Amazon announced in June that it will take a 20-per-cent cut from developers who earn up to US$1-million in the prior calendar year. Those earning less than US$1-million in Amazon app store revenue will also receive 10 per cent of their revenue as credits for the company’s web services offerings. It previously took a 30-per-cent cut.

Apple Inc. and Google also dropped what they will take from a developer’s first US$1-million in revenue to 15 per cent from 30 per cent.

On top of changes to its revenue share model, Shopify announced Tuesday that it will make checkout twice as fast and will be able to handle seven times the volume of simultaneous buyers.
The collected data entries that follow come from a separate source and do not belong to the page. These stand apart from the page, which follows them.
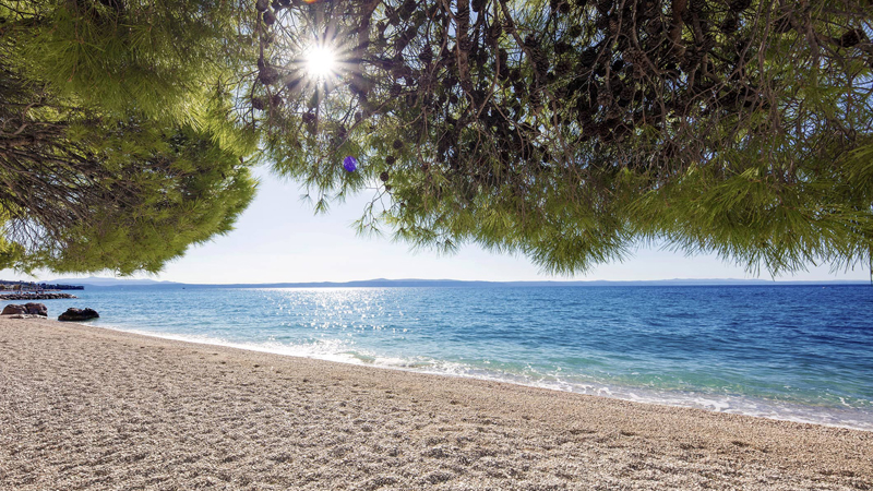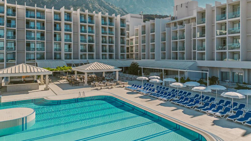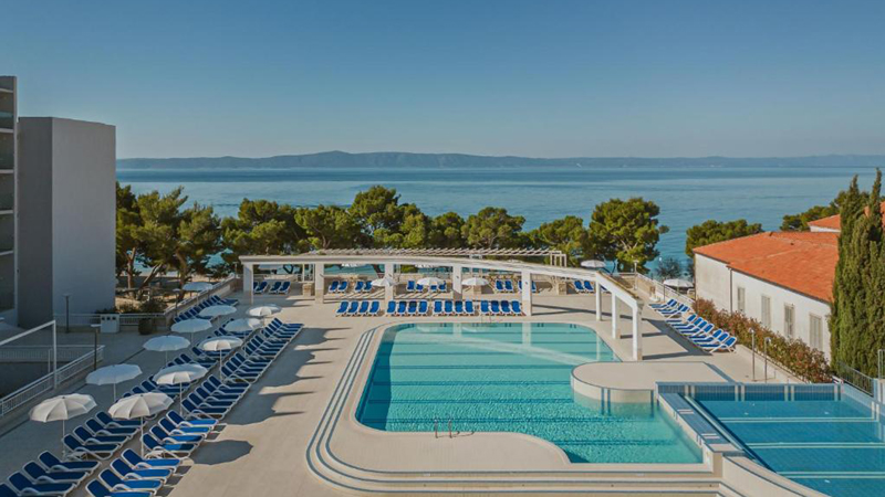 Kombinera avkoppling vid poolen med trevliga strandpromenader - Bluesun Hotel Alga ligger alldeles intill den längsta stranden på Makarska Rivieran där alla kan hitta sin plats under solen eller i skuggan av medelhavets tallar. Vid hotellets rymliga poolområde finns parasoller och solstolar som är gratis för alla hotellgäster.
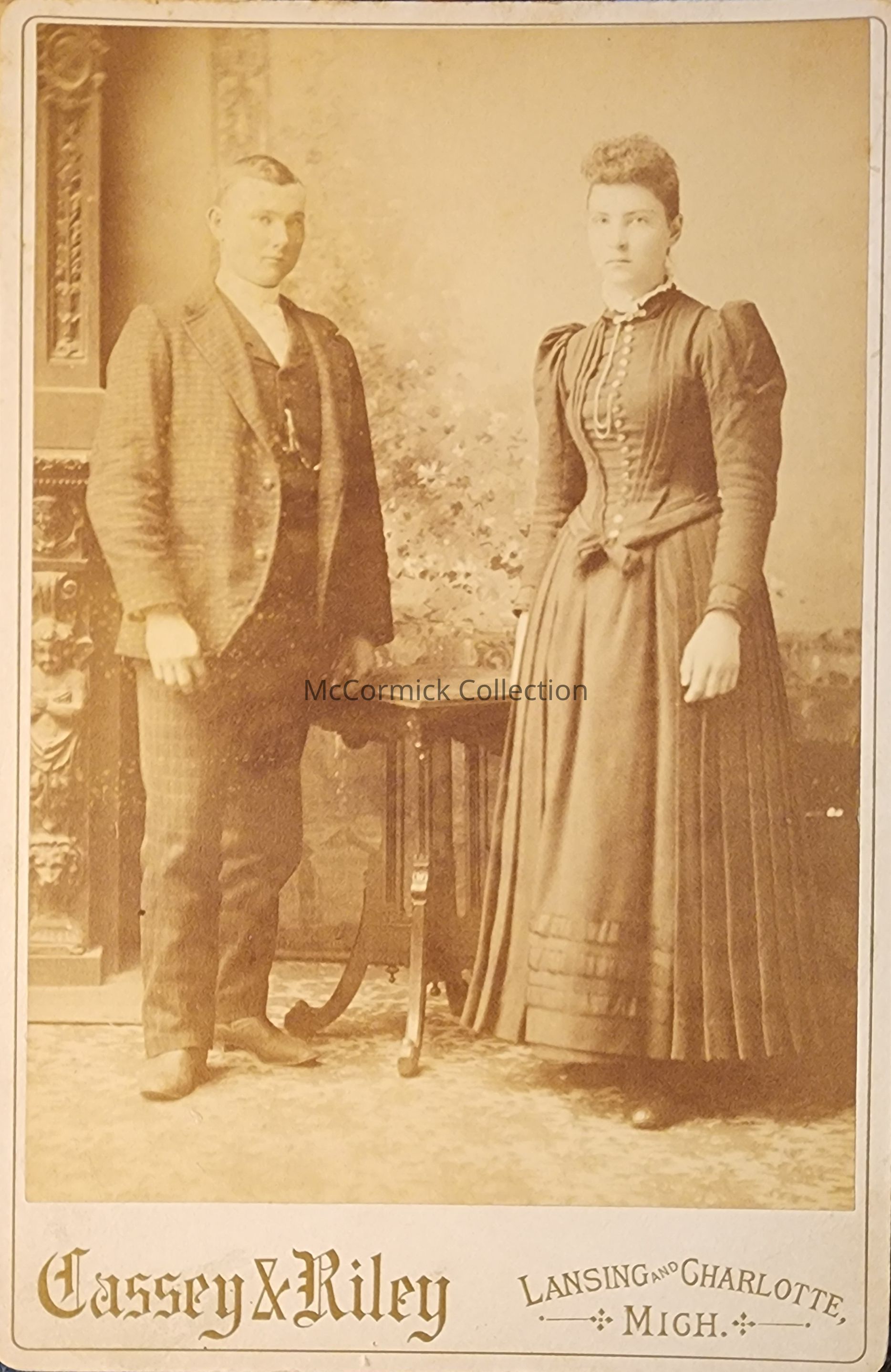 Cabinet card photograph of an unidentified man and woman by Lansing photographer Cassey and Riley.
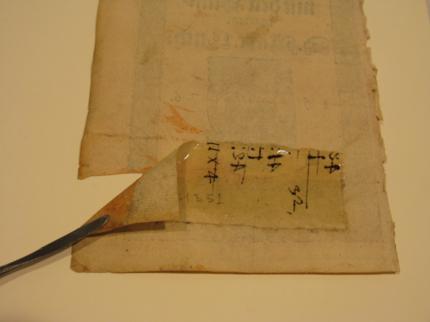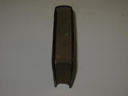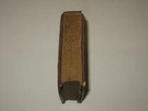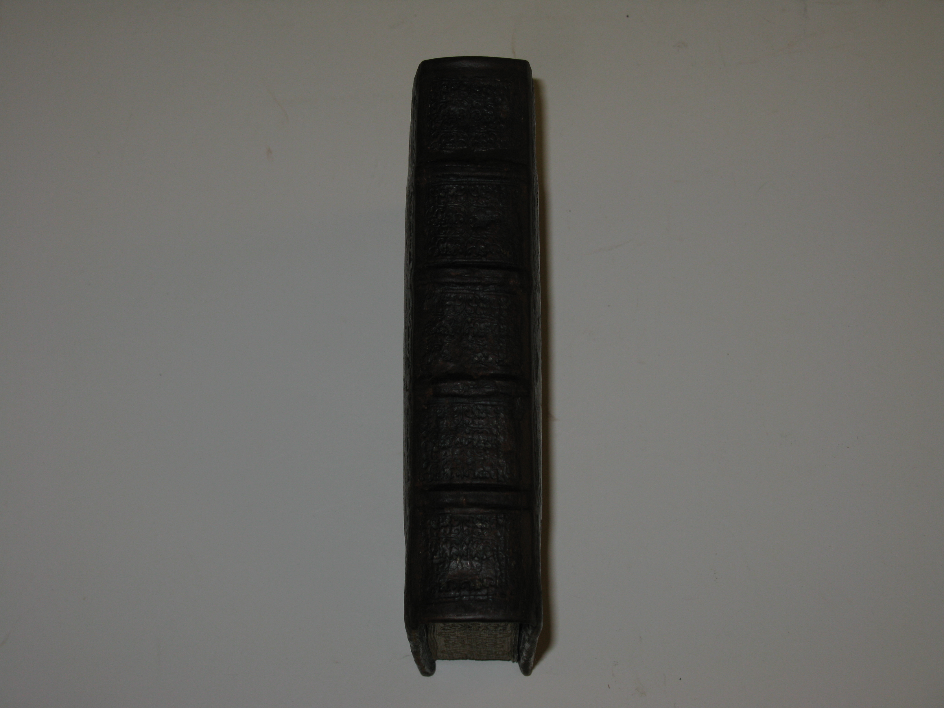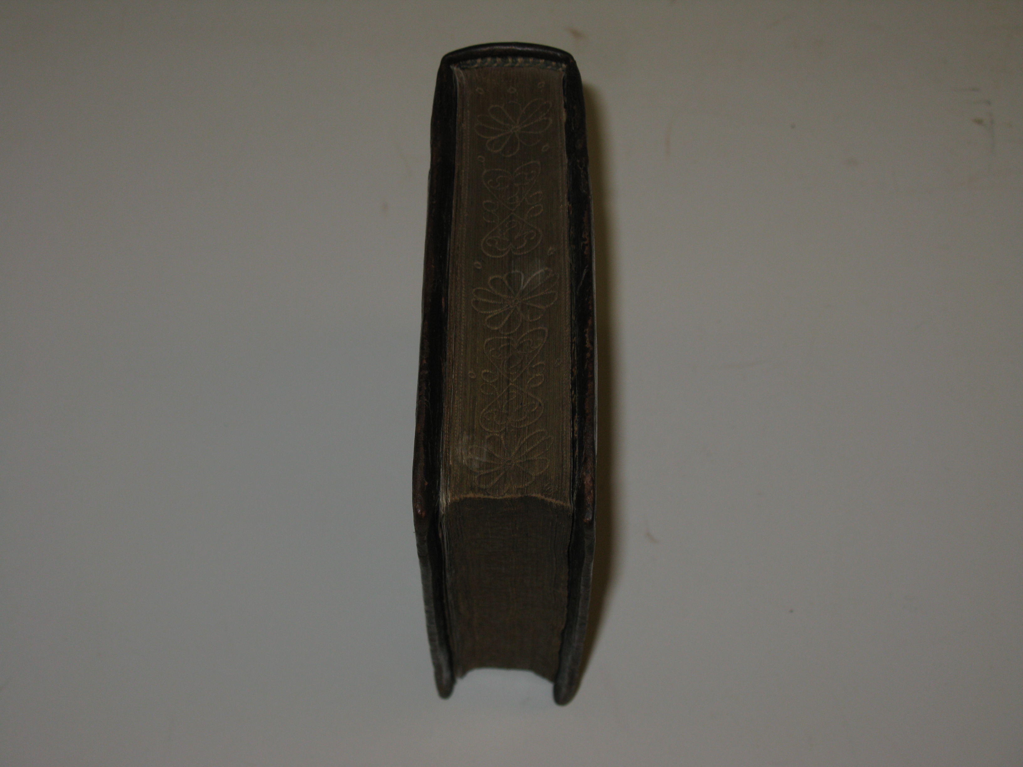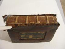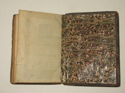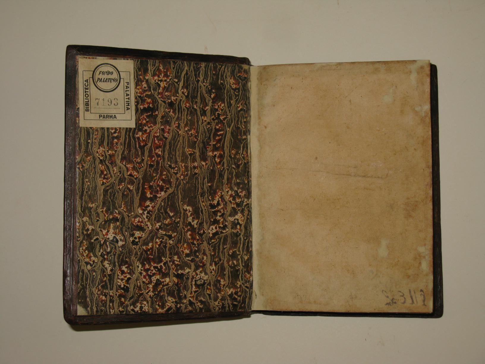 INTERVENTI DI RESTAURO CONSERVATIVO - Depolveratura del volume con pennello a setole morbide. - Distacco della controguardia anteriore mediante leggera umidificazione a tampone. - Distacco della controguardia originale, presente sotto quella decorata, mediante leggera umidificazione a tampone. - Distacco del primo fascicolo mediante taglio del filo. - Risarcimento delle lacune con carta giapponese di adeguato spessore - Riposizionamento del primo fascicolo mediante cucitura in filo di lino. - Riposizionamento della controguardia originale, prima del frontespizio, mediante brachetta in carta giapponese. L’ex libris posizionato sulla controguardia originale, è stato ricollocato nella posizione originale mediante una brachetta in carta giapponese. - Rinverdimento della coperta in pelle con prodotti a base di cere naturali. - Distacco del dorso originale mediante taglio delle cerniere. - Consolidamento dei capitelli. - Consolidamento dell’indorsatura originale con caselle in carta giapponese con prolungamenti utilizzati per rinforzare l’aggancio del piatto anteriore. - Realizzazione di un nuovo dorso in pelle di capra conciata al vegetale. Applicazione del dorso originale sul nuovo - Consolidamento della coperta nelle zone maggiormente danneggiate. - Risarcimento delle lacune sulla coperta con carta giapponese di adeguato spessore. - Adeguamento cromatico dei risarcimenti sulla coperta di restauro con colori a base vegetale e acquarelli. - Condizionamento del volume in un contenitore rigido per la conservazione preesistente. DURANTE IL RESTAURO

That means individual stores will be able to process tens of thousands of checkouts a minute – equivalent to the sales volumes Shopify saw on Black Friday and Cyber Monday in 2020.

Checkout time is key for merchants because research generally shows that customers become more likely to abandon their purchases if it takes a long time to process a transaction.

Shopify will also launch the ability for developers to build apps directly into checkout to accommodate upselling and donations, more options to alter the look and feel of storefronts and integration for third-party payment providers.

As of Thursday, its application programming interface will be able to facilitate international pricing, estimate the cost of products with taxes and discounts, handle preorders and schedule local pickup.

“The announcements we’re making this year are really the largest set of infrastructure innovations in Shopify history, as well as a complete revamp of most of our developer tools,” Mr. Black said.

“Collectively, these are really aimed at giving developers and merchants, the creative power and flexibility to control their brand experience on the internet.”

Over the last year, Shopify began allowing U.S. merchants to sell their products on Walmart’s website and create a mini storefront for Facebook and Instagram, which is integrated with its Shop Pay payments system. ShopPay will soon be available to all merchants selling in the U.S. on Google.

When Shopify made the Walmart announcement last June, it tweeted a graphic based on an image used with a Guardian newspaper story about the Shopify-Amazon rivalry.

Shopify animated the graphic to zoom in on a frowning character made of Amazon boxes that was being towered over by a shopping bag bearing Shopify’s logo.